Riffusion’s AI generates music from text using visual sonograms

An AI-generated image of musical notes exploding forth from a computer monitor.

Enlarge / An AI-generated image of musical notes exploding forth from a computer monitor. (credit: Ars Technica)

On Thursday, a pair of tech hobbyists released Riffusion, an AI model that generates music from text prompts by creating a visual representation of sound and converting it to audio for playback. It uses a fine-tuned version of the Stable Diffusion 1.5 image synthesis model, applying visual latent diffusion to sound processing in a novel way.

Created as a hobby project by Seth Forsgren and Hayk Martiros, Riffusion works by generating sonograms, which store audio in a two-dimensional image. In a sonogram, the X-axis represents time (the order in which the frequencies get played, from left to right), and the Y-axis represents the frequency of the sounds. Meanwhile, the color of each pixel in the image represents the amplitude of the sound at that given moment in time.

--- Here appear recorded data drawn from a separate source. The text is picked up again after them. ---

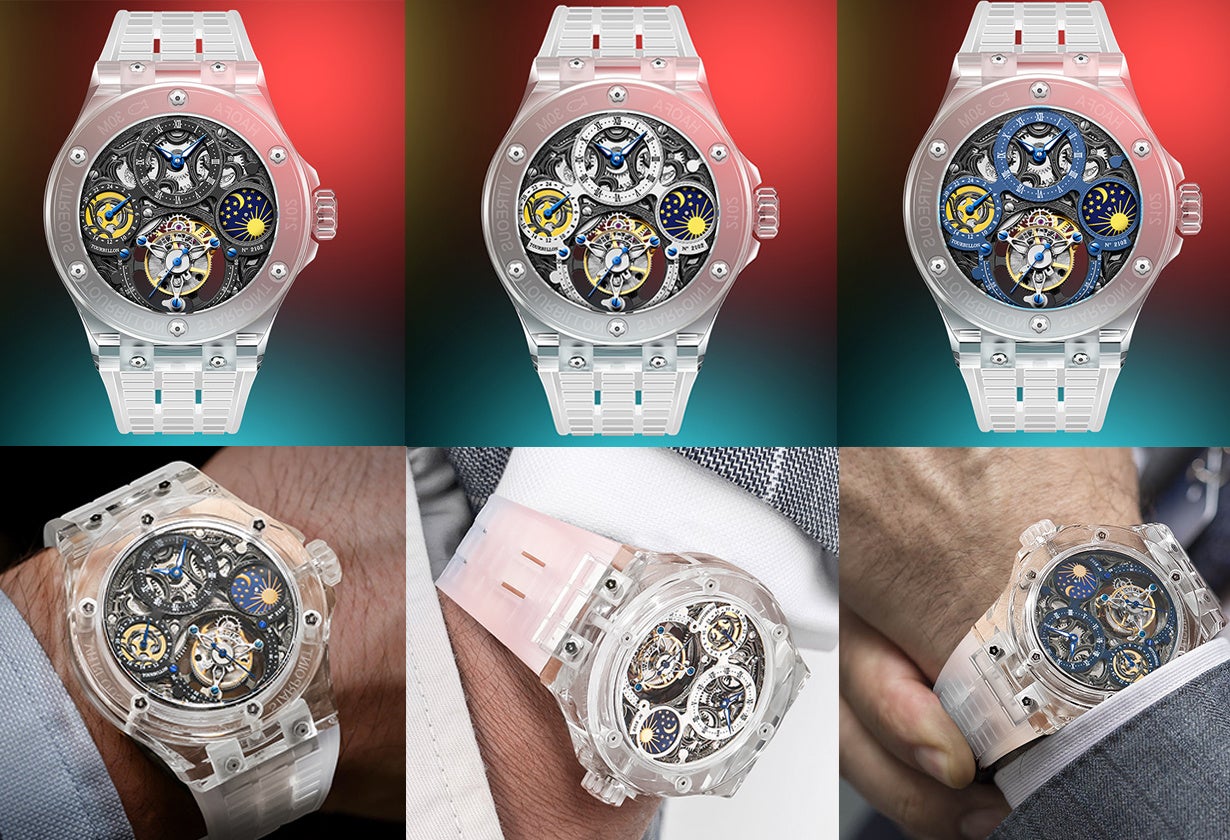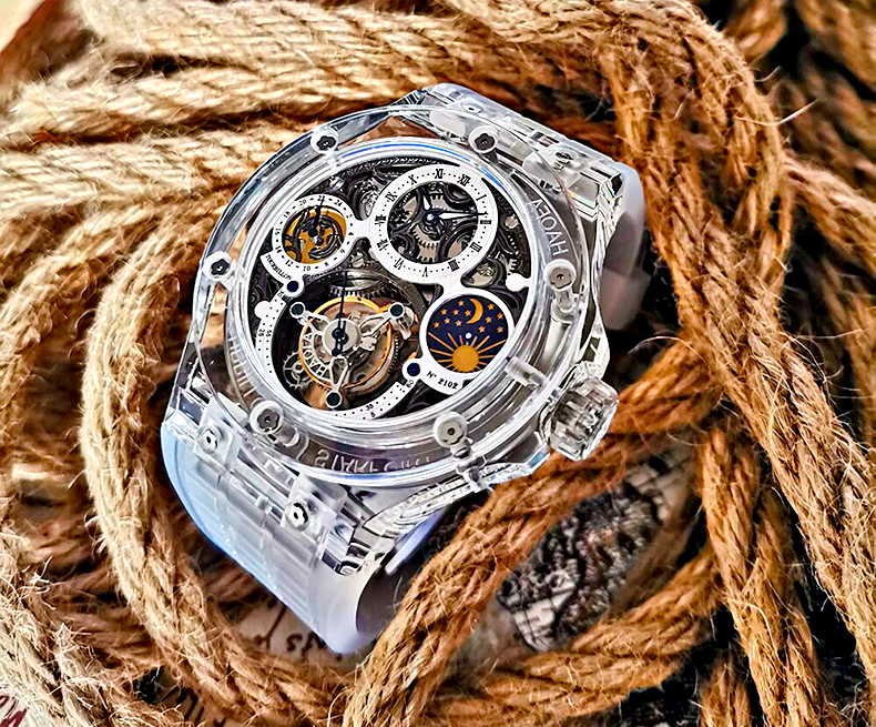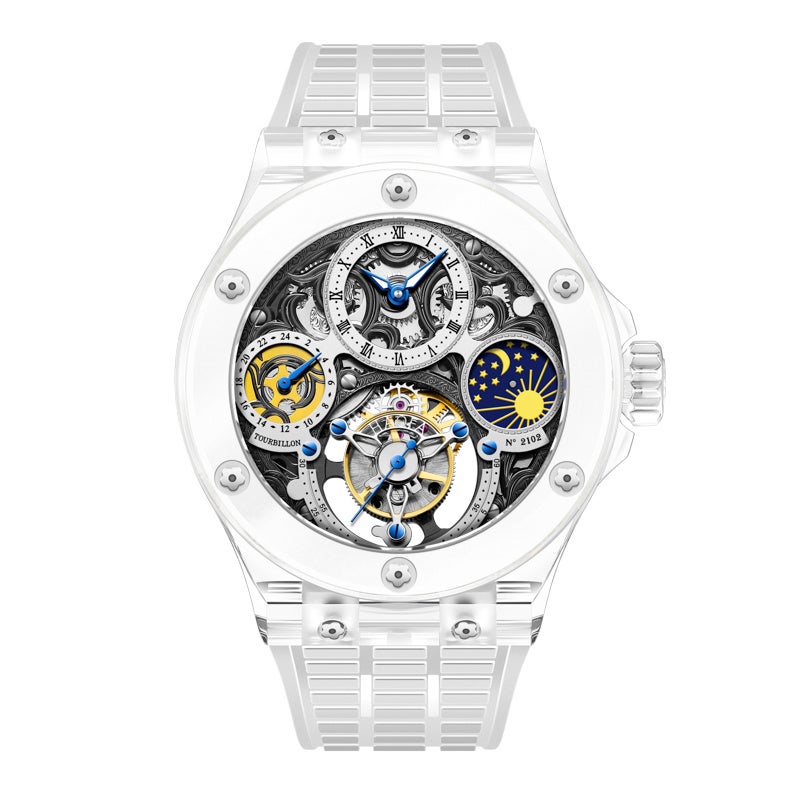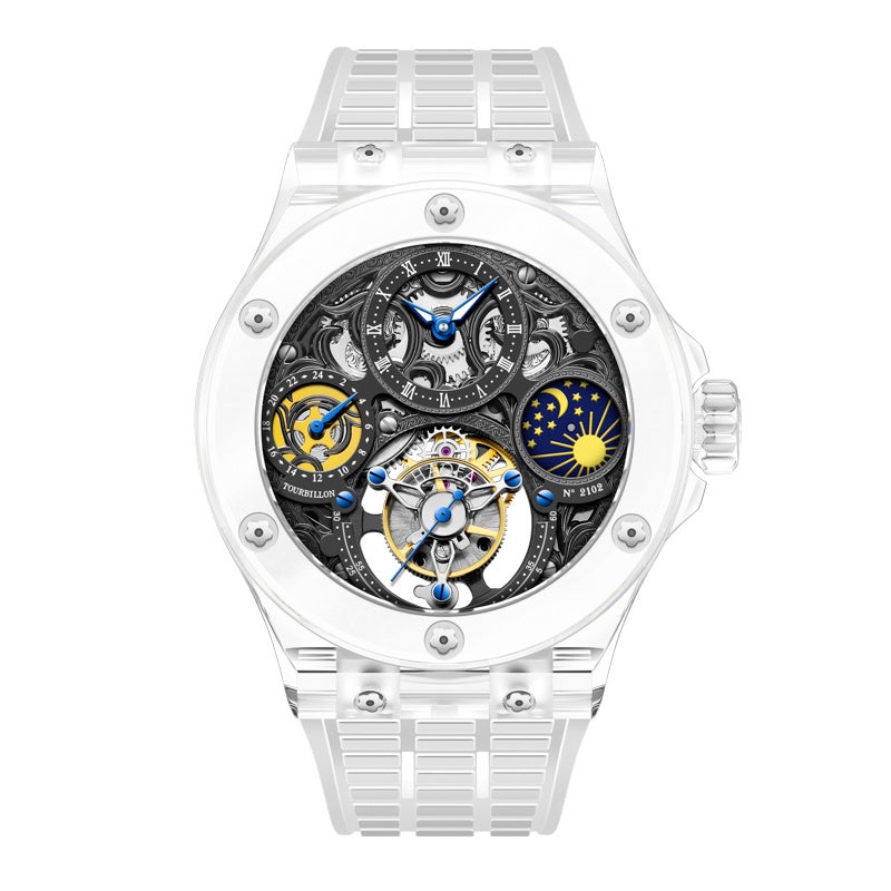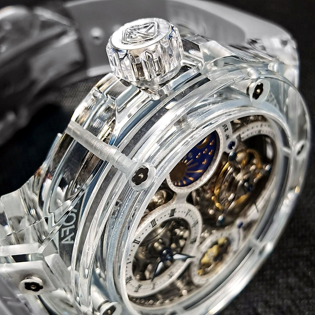 精密なムーブメントを全方向から堪能。フルクリスタル・トゥールビヨン腕時計。
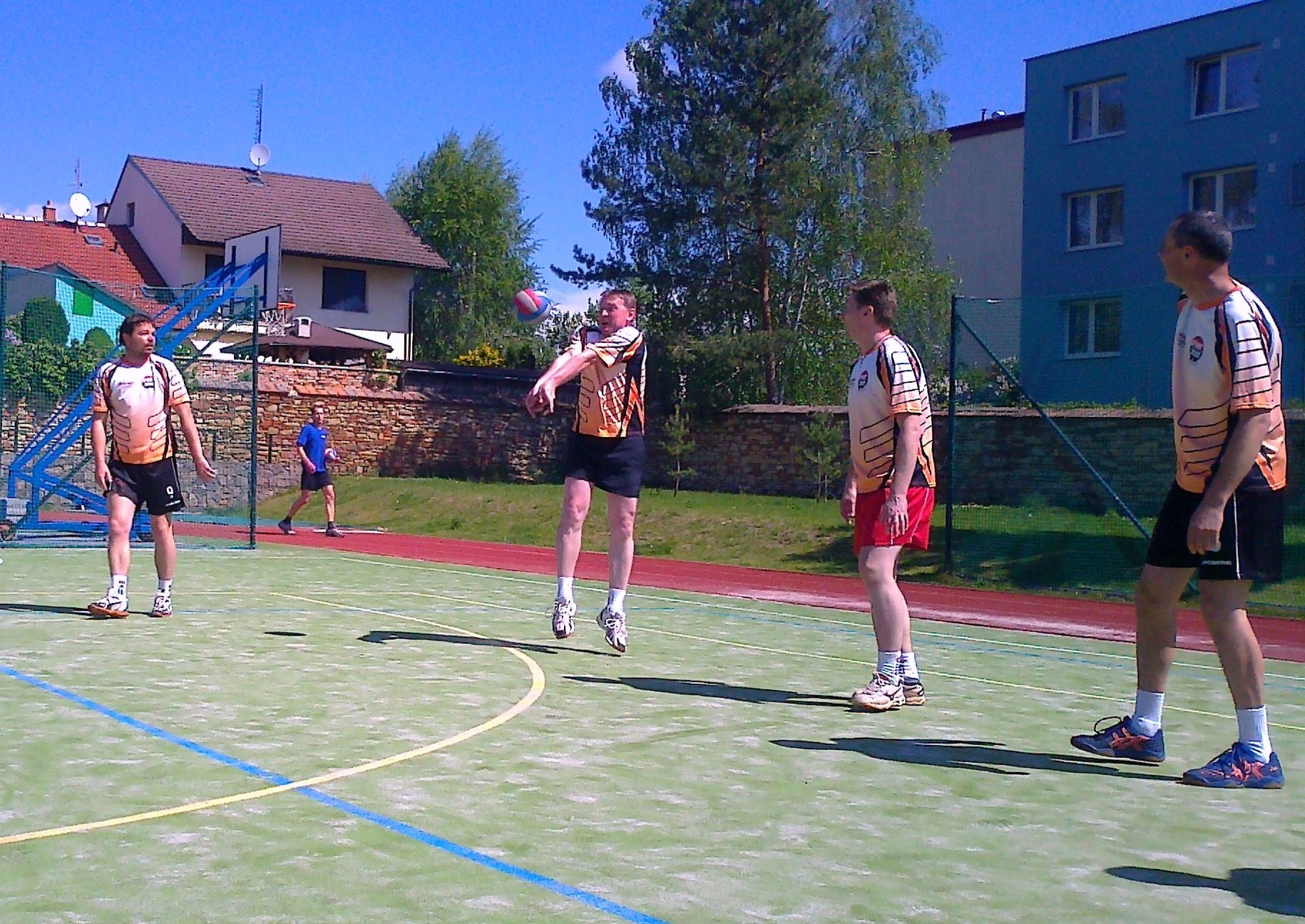V úvodním zápase jarní části soutěže jsme zavítali do Slavkova. Slavkov změnil hřiště s gumovým povrchem za nové, se stejně špatným povrchem. Tentokrát jsme hráli na školní umělé trávě, kde to strrrrašně klouzalo. Povrch dělal problémy oběma družstvům a nemohoucí zákroky a nečakaná podklouznutí byla někdy úsměvná, někdy hororová (ještě že se nikomu nic nestalo). Bohužel se tato skutečnost podepsala i na výkonu obou mužstev, která si dávala větší pozor na to aby si nepřivodila nějaké zranění, než na odvedený úder nebo obranu. Po prvním vyhraném setu jsme se zaměřili na uvedenou skutečnost a dva následující sety jsme prohráli. Do dalšího setu se u obou družstev vystřídali nahravači a hned to bylo poznat na výkonu. Výkon Slavkova šel rapidně dolů a my se začali zvedat. Dva následující sety jsme dotáhli do vítězných konců a odvezli si první jarní výhru.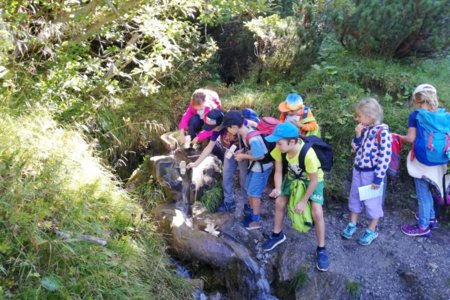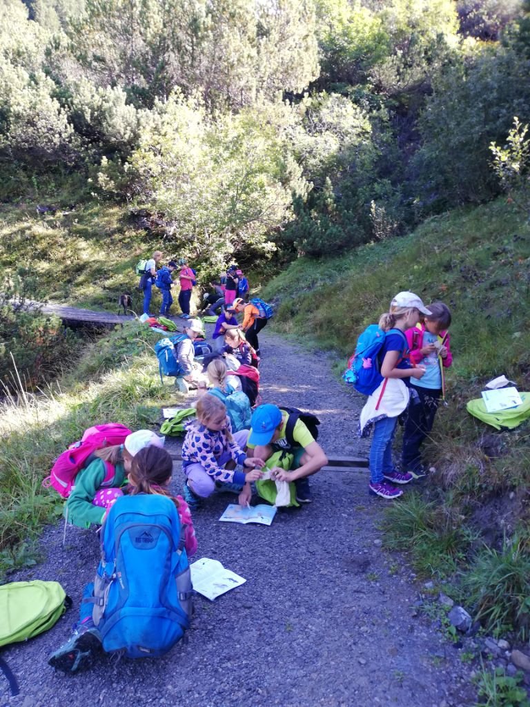 Mit dem Bus fuhren wir ins Malbun, wo wir den Forscherweg unter die Füsse nahmen und uns in altersdurchmischten Gruppen mit Wetter, Wasser, Tieren und weiteren "Naturthemen" beschäftigten, passend zu unserem Jahresthema "der Natur auf der Spur".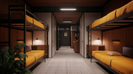 Cozy bunk bed accommodation modern hostel interior design minimalist environment wide angle view comfort and community
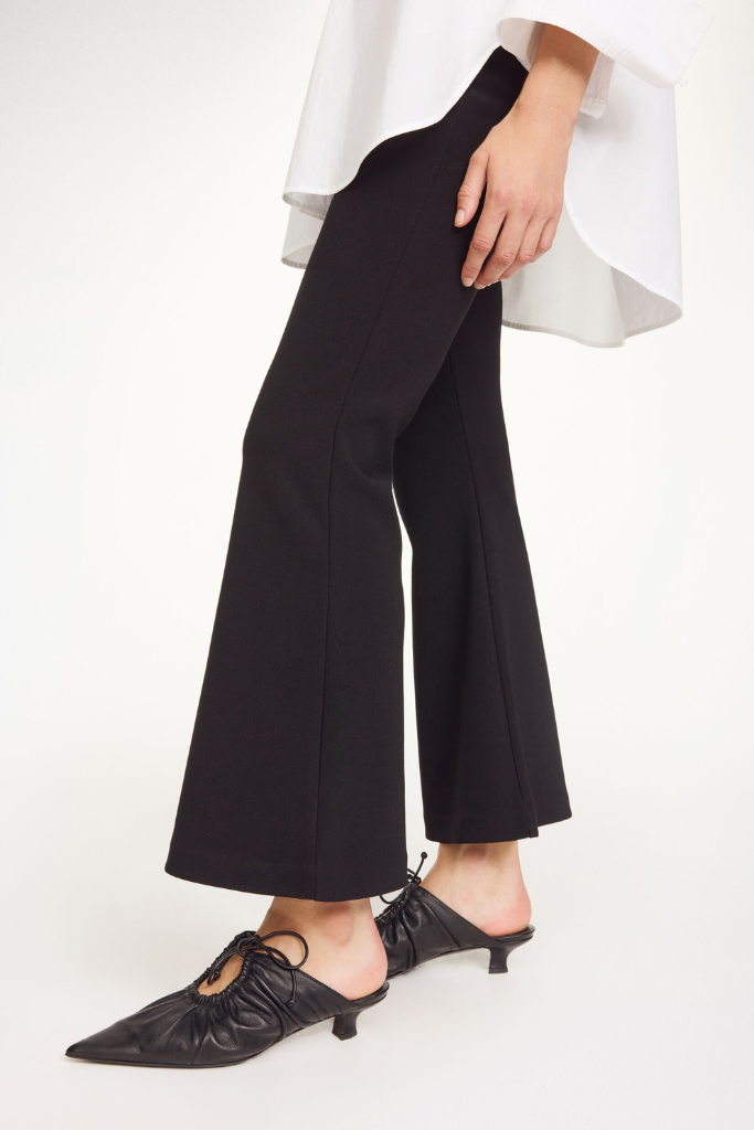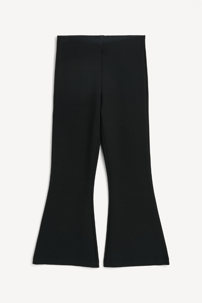 Account aanmakenDe By Malene Birger Vilanna pantalon in zwart is een elegante combinatie van comfort en moderne snit. Gemaakt van een luxueuze stofblend (56% gerecycled polyester, 39% polyester, 5% elastaan), biedt deze regular fit broek een flatterende mid‑waist, een flared silhouet én cropped pijpen, ideaal met oversized blazer of gebreide top voor een moeiteloze weeklook.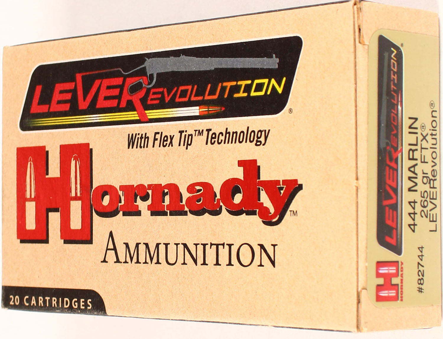 Hornady, LeveRevolution, 444 Marlin, 265 Grain FTX, Full, 1pc. multi-colored box, box is solid with excellent color, Ammo is excellent. Grade: Excellent ++ - Value: 20 to 80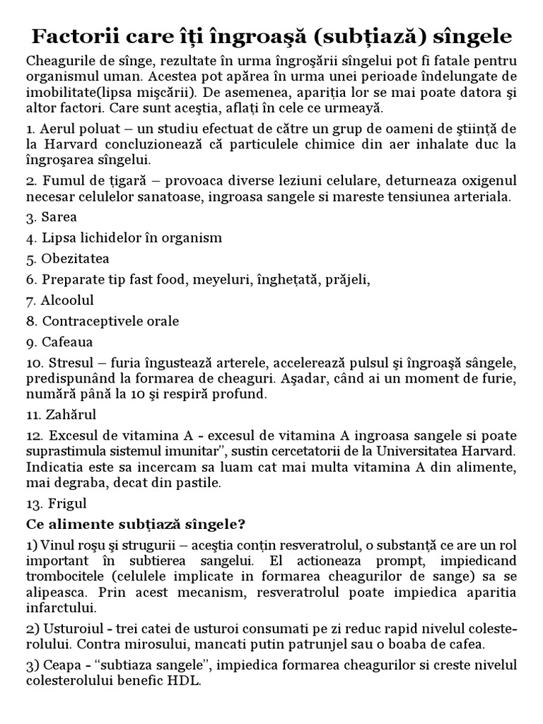 Subțierea Sangelui Factorii Care Iti Ingroasa Sau Subtiaza Sangele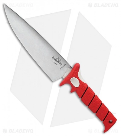 The Bubba Blade Chef’s knife offers a tough and durable design for all of your kitchen needs. This model has a 6″ blade and a no-slip red TPR handle.

Since a sonogram is a type of picture, Stable Diffusion can process it. Forsgren and Martiros trained a custom Stable Diffusion model with example sonograms linked to descriptions of the sounds or musical genres they represented. With that knowledge, Riffusion can generate new music on the fly based on text prompts that describe the type of music or sound you want to hear, such as “jazz,” “rock,” or even typing on a keyboard.